1. A pharmaceutical formulation for use in the treatment of virus-induced COPD exacerbations in patients treated with systemic corticosteroids, The aforementioned pharmaceutical preparation contains interferon-beta (IFN-β), A pharmaceutical preparation in which the aforementioned IFN-β is administered by inhalation.

2. The pharmaceutical formulation according to claim 1, wherein the patient is infected with rhinovirus, influenza, RSV, adenovirus, parainfluenza, human metapneumovirus, or coronavirus, and the coronavirus is not a highly pathogenic coronavirus that causes SARS, MERS, or COVID-19.

3. The pharmaceutical preparation according to claim 2, wherein the virus is rhinovirus or influenza.

4. The pharmaceutical preparation according to any one of claims 1 to 3, wherein the IFN-β is recombinant human IFN-β1a.

5. The pharmaceutical formulation according to any one of claims 1 to 4, wherein the IFN-β is formulated in an aqueous solution with a pH of approximately 6 to 7, for example, pH 6.5, and preferably excludes mannitol, human serum albumin, and arginine.

6. The pharmaceutical formulation according to any one of claims 1 to 5, wherein the administration by inhalation is to the airway of the patient, and includes aerosolization of the liquid formulation of IFN-β.

7. The pharmaceutical preparation according to claim 6, wherein administration is by the use of a nebulizer.

8. The pharmaceutical preparation according to any one of claims 1 to 7, wherein the administration of IFN-β is as an inhalation dose once daily.

9. The pharmaceutical preparation according to any one of claims 1 to 8, wherein the patient is receiving systemic treatment with a corticosteroid selected from prednisolone, hydrocortisone, dexamethasone, methylprednisolone, or prednisone, or a combination thereof.

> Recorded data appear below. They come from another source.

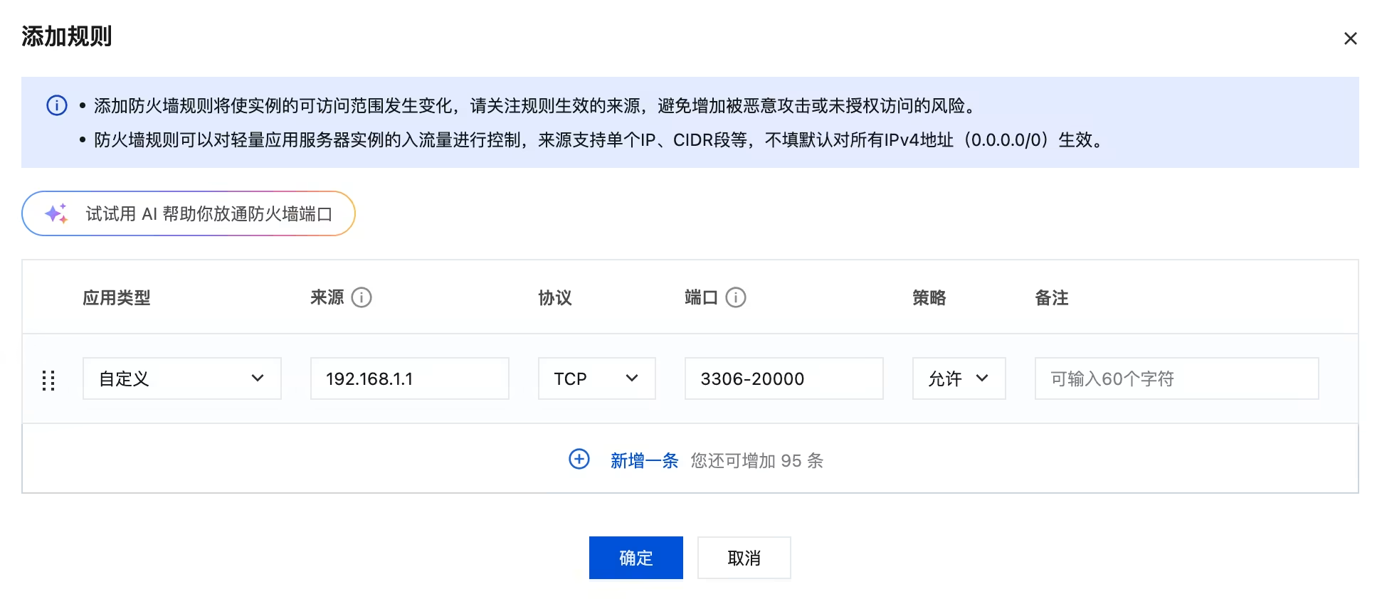 本文以添加放通来源 IP 为192.168.1.1,协议类型 TCP,端口为3306-20000的规则为例。请您结合实际情况进行操作,规则参数说明请参见 组成部分。 注意:
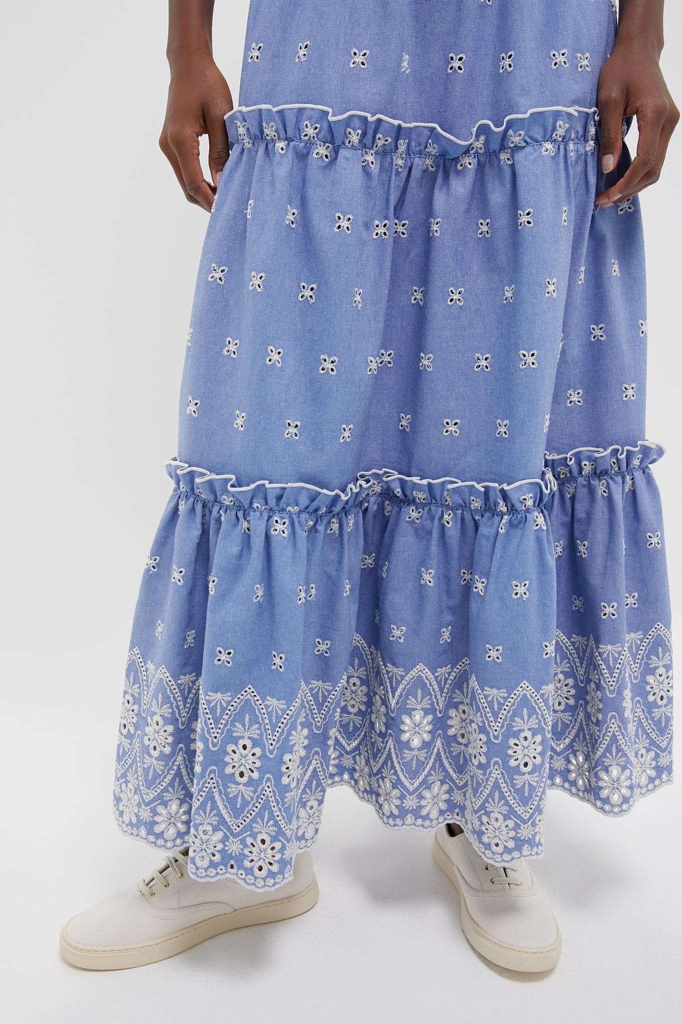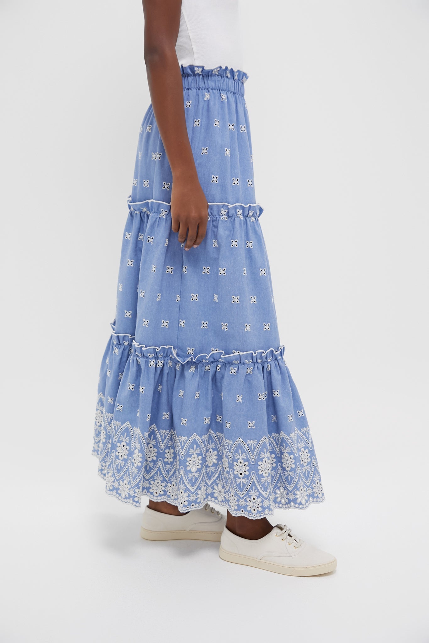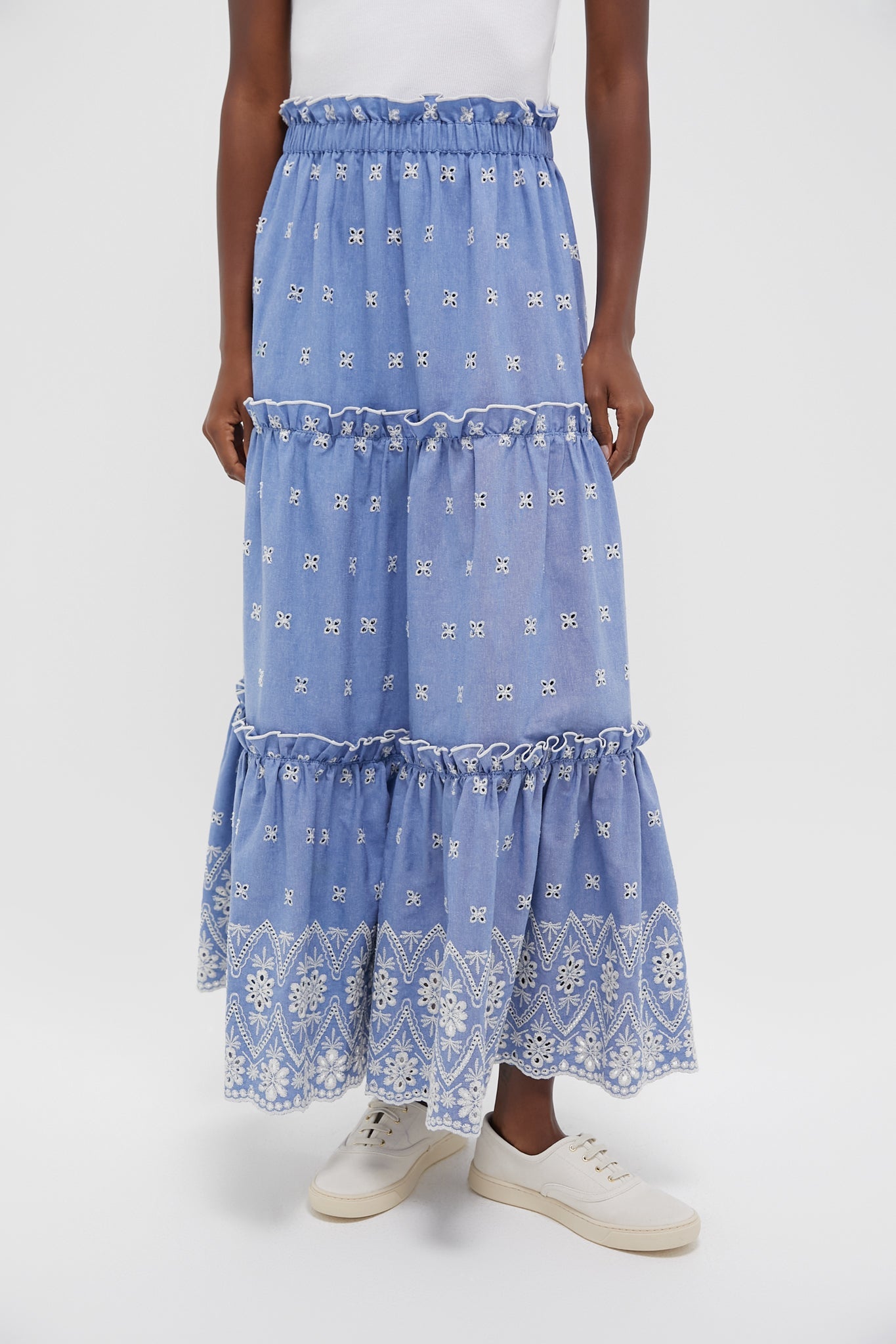Twirl worthy with its tiered layers and ruffle detailing, the Chambray Prado Skirt slips on with minimal effort while bringing maximum style. Adorned with delicate white eyelet embroidery, style this pull on maxi with the matching Chambray Embroidered Fontalina Blouse, gold hoops and sandals for a chic look.
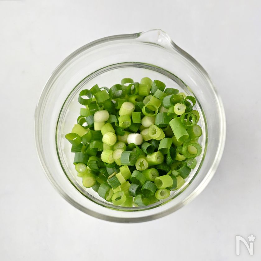 (1) 小ねぎを小口切りにする。

10. The pharmaceutical formulation according to any one of claims 1 to 9, wherein the IFN-β is administered by inhalation in combination with the administration of one or more further therapeutic agents to aid in the improvement of one or more symptoms caused by the same viral infection, and each of the further agents is administered simultaneously, separately, or sequentially.